How to complete this task.
Each record below is to be copied word for word, with pictures removed.

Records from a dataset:
Segment Open

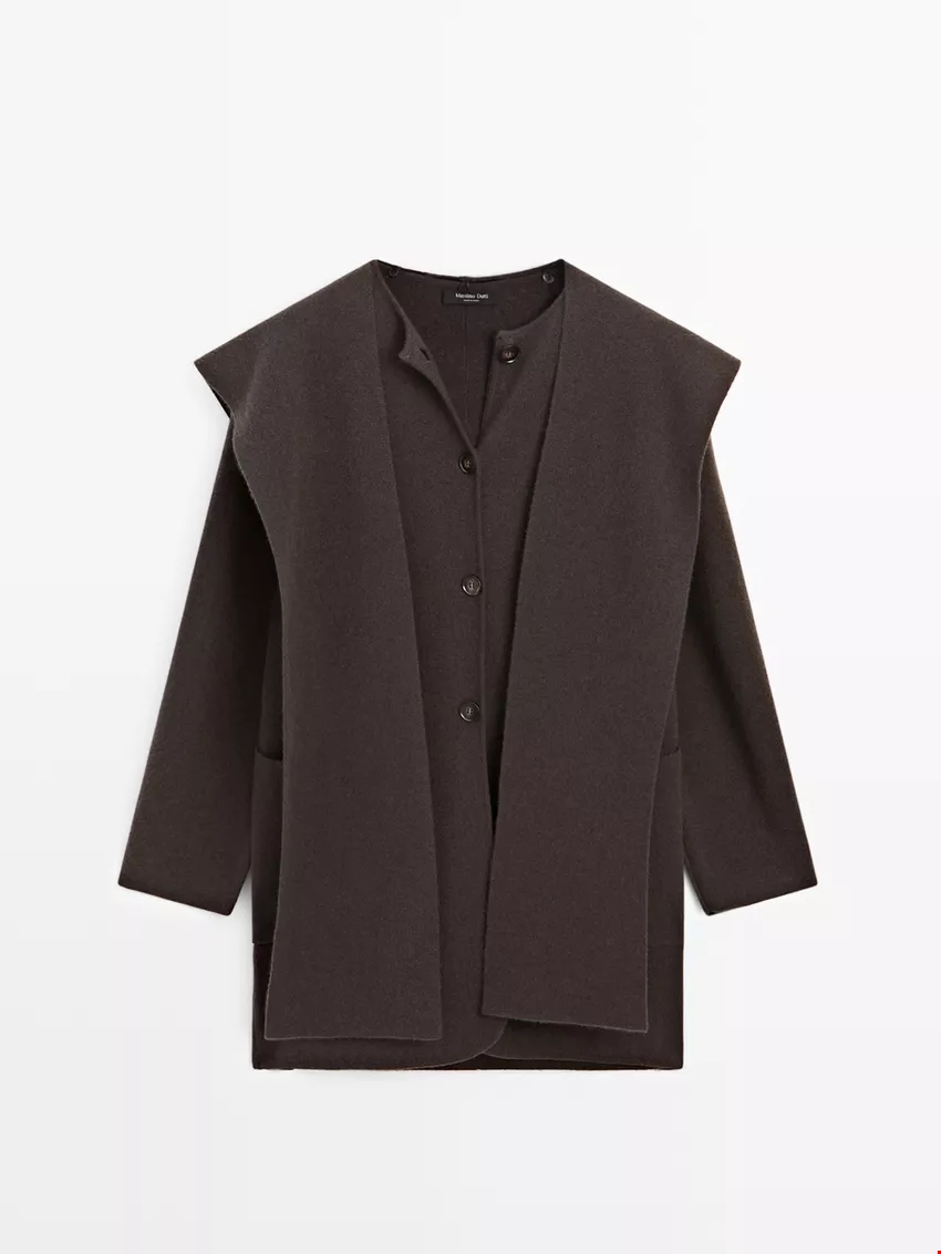 Μακρια ζακετα με ΛΕΠΤΟΜΕΡΕΙΑ κουκουλα κασκόλ Massimo Dutti
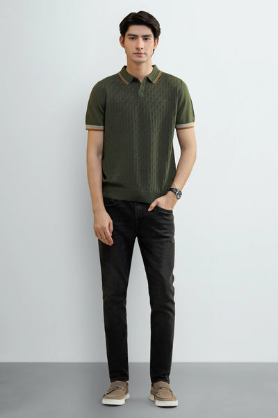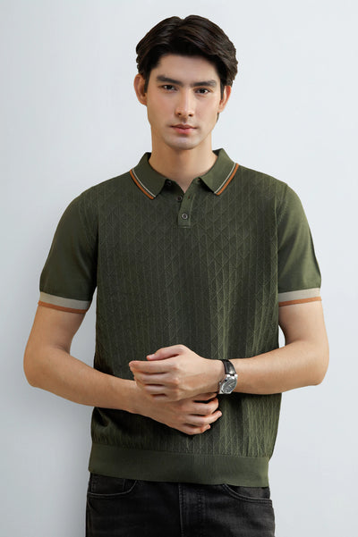 Elevate your smart-casual wardrobe with this sophisticated men's dark green polo shirt. Crafted with a subtle, vertically textured knit fabric, this shirt offers a unique blend of comfort and style.
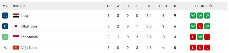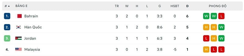 Trong khi đó, ĐT Bahrain với tổng cộng 6 điểm lại là đội đứng nhất.
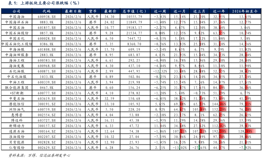截至2026年2月6日当周,上游板块股价表现较好的是新锦动力(+11.44%)、潜能恒信(+5.65%)、中海油田服务H(+4.43%)等。
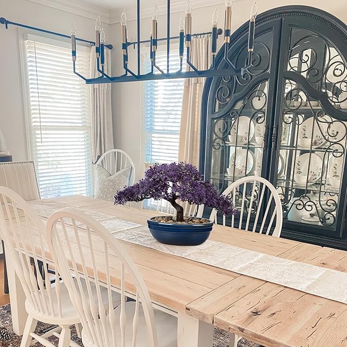 Artificial Bonsai Tree Juniper Faux Plants Indoor Fake Plants Decor with Blue Ceramic Pots for Home Table Office Desk Bathroom Shelf Bedroom Living Room Farmhouse Decorations
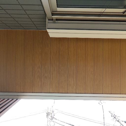 軒天と雨避け(確度71%):天井にしっかりした庇とダウンライトらしき設備があり、雨天時でも多少の雨は防げる。
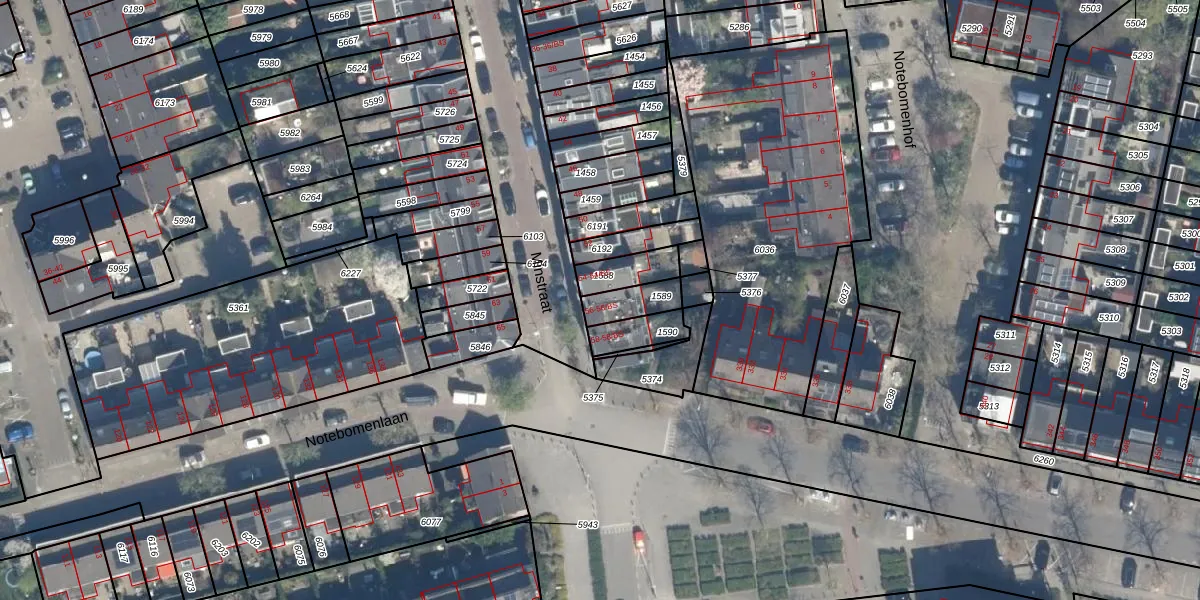 Het perceel waarop Minstraat 56 staat heeft een oppervlakte van 83 m². Dit is een klein perceel. De perceeloppervlakte wordt geregistreerd door het Kadaster. Gedetailleerde informatie over de maten van dit perceel kunt u vinden in het rapport Kadastrale kaart met maatvoering van Minstraat 56.
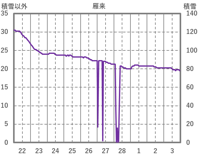 | 日 | 時 | 気温 | 降水 | 風向/風速 | 日照 | 積雪 | 降雪 |
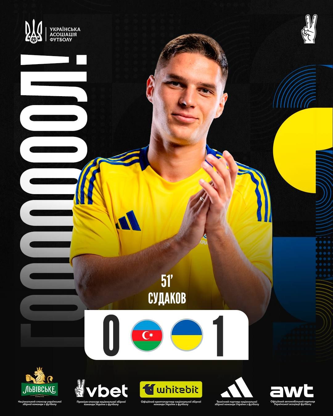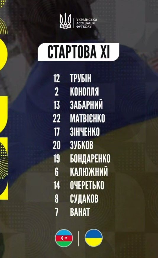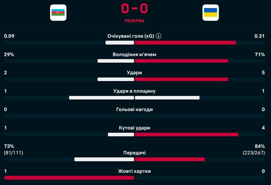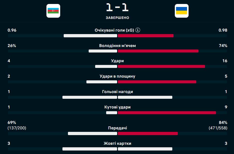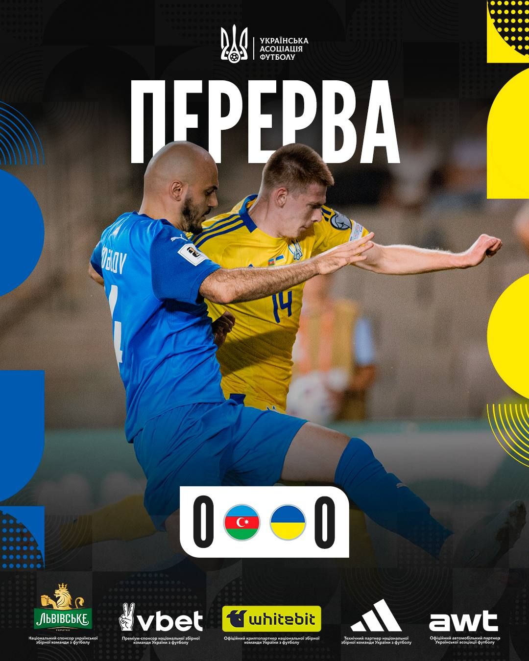 Кіпер рятує Азербайджан після дальніх ударів Волошина та Шапаренка. Жовта картка воротарю Азербайджану за затягування часу. Матвієнко пробив вище воріт. Жовта картка Шапаренку за удар ззаду по гравцю Азербайджану. Шість хвилин компенсував рефері. Довбик пробив вище після подачі від Судакова. Неточний удар головою від Матвієнка після подачі з флангу. Україна притисла суперника до воріт, але не може створити гостроту. Михайліченко вийшов замість Зінченка. Махмудов скосив Шапаренка в центрі поля, за що отримує "гірчичник". Голкіпер забирає м'яч після дальнього удару Зубкова. У Азербайджану вийшов Абдуллазаде замість Хайбулаєва. Дві заміни від Реброва. Очеретько та Бондаренко поступаються місцями на полі Волошину та Шапаренку. Судаков віддавав на забігання Зінченку, але нашого гравця випередив захисник господарів. ГОЛ. Махмудов пробиває точно, Трубін не дістає до м'яча. Рахунок 1:1. Відео голу: Жовта картка Зінченку. Три заміни від господарів. Нурієв, Гурбанли та Гусейнов вийшли замість Дадашова, Емрелі та Алієва. Захисник азербайджанців грубо скосив Бондаренка, але не отримав жодного покарання за це. Дві заміни від Реброва. Ванат та Калюжний йдуть з поля, замість них вийшли Ярмолюк та Довбик. Калюжний грубо зіграв проти Хайбулаєва та отримав жовту картку. Замість Ахмедзаде вийшов Байрамов. Непоганий дальній удар від Судакова заблокував захисник. Дальній удар Зубкова, м'яч в руках кіпера. Небезпечний удар Бондаренка заблокував Джафаргулієв. Суддя додав три хвилини. Дадашов стрибнув ногою в голову Трубіну, за що отримав жовту картку. Емрелі пробив значно вище воріт після навісу з флангу. Небезпечний удар Махмудова зі стандарту! Трубін витягує м'яч з-під поперечини. Трубін забирає м'яч у Емрелі, який не зміг обробити м'яч після закидання. Класне закидання від Судакова на Зубкова, але нашого вінгера випередив воротар Азербайджану. Закидання від Забарного не знайшло адресата. М'яч у воротаря азербайджанців. Махмудов грубо в'їхав у Ваната ззаду, але суддя вирішив не фіксувати фол. М'яч контролюється в центрі поля. Глибокий захист господарів поки не підпускає Україну до свої воріт. Дадашову не дали прийняти м'яч та створити небезпеку біля воріт Трубіна. Ванат хитро виводив Судакова на ударну позицію. Гравець Бенфіки трохи не встиг до м'яча, Кривоцюк його випередив. Затяжна атака України завершилась неточним пасом Судакова на Зінченка. Неточний удар Судакова з-за меж карного майданчика. Захисник збірної Азербайджану заблокував простріл Судакова. Жовта картка Мустафазаде. Пенальті! Ванат втікав від Мустафазаде і азербайджанець звалив гравця Жирони у власному майданчику. Як виглядає стадіон в Баку перед матчем:Огляд матчу
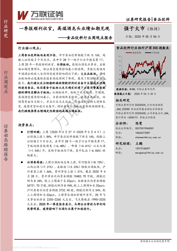 【万联证券】【20200506】20200506-万联证券-食品饮料行业周观点报告:一季报顺利收官,高端酒龙头业绩如期兑现-14页

Segment Closed

Response.
 Μακρια ζακετα με ΛΕΠΤΟΜΕΡΕΙΑ κουκουλα κασκόλ Massimo Dutti
 Elevate your smart-casual wardrobe with this sophisticated men's dark green polo shirt. Crafted with a subtle, vertically textured knit fabric, this shirt offers a unique blend of comfort and style.
 Trong khi đó, ĐT Bahrain với tổng cộng 6 điểm lại là đội đứng nhất.
截至2026年2月6日当周,上游板块股价表现较好的是新锦动力(+11.44%)、潜能恒信(+5.65%)、中海油田服务H(+4.43%)等。
 Artificial Bonsai Tree Juniper Faux Plants Indoor Fake Plants Decor with Blue Ceramic Pots for Home Table Office Desk Bathroom Shelf Bedroom Living Room Farmhouse Decorations
 軒天と雨避け(確度71%):天井にしっかりした庇とダウンライトらしき設備があり、雨天時でも多少の雨は防げる。
 Het perceel waarop Minstraat 56 staat heeft een oppervlakte van 83 m². Dit is een klein perceel. De perceeloppervlakte wordt geregistreerd door het Kadaster. Gedetailleerde informatie over de maten van dit perceel kunt u vinden in het rapport Kadastrale kaart met maatvoering van Minstraat 56.
 | 日 | 時 | 気温 | 降水 | 風向/風速 | 日照 | 積雪 | 降雪 |
 Кіпер рятує Азербайджан після дальніх ударів Волошина та Шапаренка. Жовта картка воротарю Азербайджану за затягування часу. Матвієнко пробив вище воріт. Жовта картка Шапаренку за удар ззаду по гравцю Азербайджану. Шість хвилин компенсував рефері. Довбик пробив вище після подачі від Судакова. Неточний удар головою від Матвієнка після подачі з флангу. Україна притисла суперника до воріт, але не може створити гостроту. Михайліченко вийшов замість Зінченка. Махмудов скосив Шапаренка в центрі поля, за що отримує "гірчичник". Голкіпер забирає м'яч після дальнього удару Зубкова. У Азербайджану вийшов Абдуллазаде замість Хайбулаєва. Дві заміни від Реброва. Очеретько та Бондаренко поступаються місцями на полі Волошину та Шапаренку. Судаков віддавав на забігання Зінченку, але нашого гравця випередив захисник господарів. ГОЛ. Махмудов пробиває точно, Трубін не дістає до м'яча. Рахунок 1:1. Відео голу: Жовта картка Зінченку. Три заміни від господарів. Нурієв, Гурбанли та Гусейнов вийшли замість Дадашова, Емрелі та Алієва. Захисник азербайджанців грубо скосив Бондаренка, але не отримав жодного покарання за це. Дві заміни від Реброва. Ванат та Калюжний йдуть з поля, замість них вийшли Ярмолюк та Довбик. Калюжний грубо зіграв проти Хайбулаєва та отримав жовту картку. Замість Ахмедзаде вийшов Байрамов. Непоганий дальній удар від Судакова заблокував захисник. Дальній удар Зубкова, м'яч в руках кіпера. Небезпечний удар Бондаренка заблокував Джафаргулієв. Суддя додав три хвилини. Дадашов стрибнув ногою в голову Трубіну, за що отримав жовту картку. Емрелі пробив значно вище воріт після навісу з флангу. Небезпечний удар Махмудова зі стандарту! Трубін витягує м'яч з-під поперечини. Трубін забирає м'яч у Емрелі, який не зміг обробити м'яч після закидання. Класне закидання від Судакова на Зубкова, але нашого вінгера випередив воротар Азербайджану. Закидання від Забарного не знайшло адресата. М'яч у воротаря азербайджанців. Махмудов грубо в'їхав у Ваната ззаду, але суддя вирішив не фіксувати фол. М'яч контролюється в центрі поля. Глибокий захист господарів поки не підпускає Україну до свої воріт. Дадашову не дали прийняти м'яч та створити небезпеку біля воріт Трубіна. Ванат хитро виводив Судакова на ударну позицію. Гравець Бенфіки трохи не встиг до м'яча, Кривоцюк його випередив. Затяжна атака України завершилась неточним пасом Судакова на Зінченка. Неточний удар Судакова з-за меж карного майданчика. Захисник збірної Азербайджану заблокував простріл Судакова. Жовта картка Мустафазаде. Пенальті! Ванат втікав від Мустафазаде і азербайджанець звалив гравця Жирони у власному майданчику. Як виглядає стадіон в Баку перед матчем:Огляд матчу
 【万联证券】【20200506】20200506-万联证券-食品饮料行业周观点报告:一季报顺利收官,高端酒龙头业绩如期兑现-14页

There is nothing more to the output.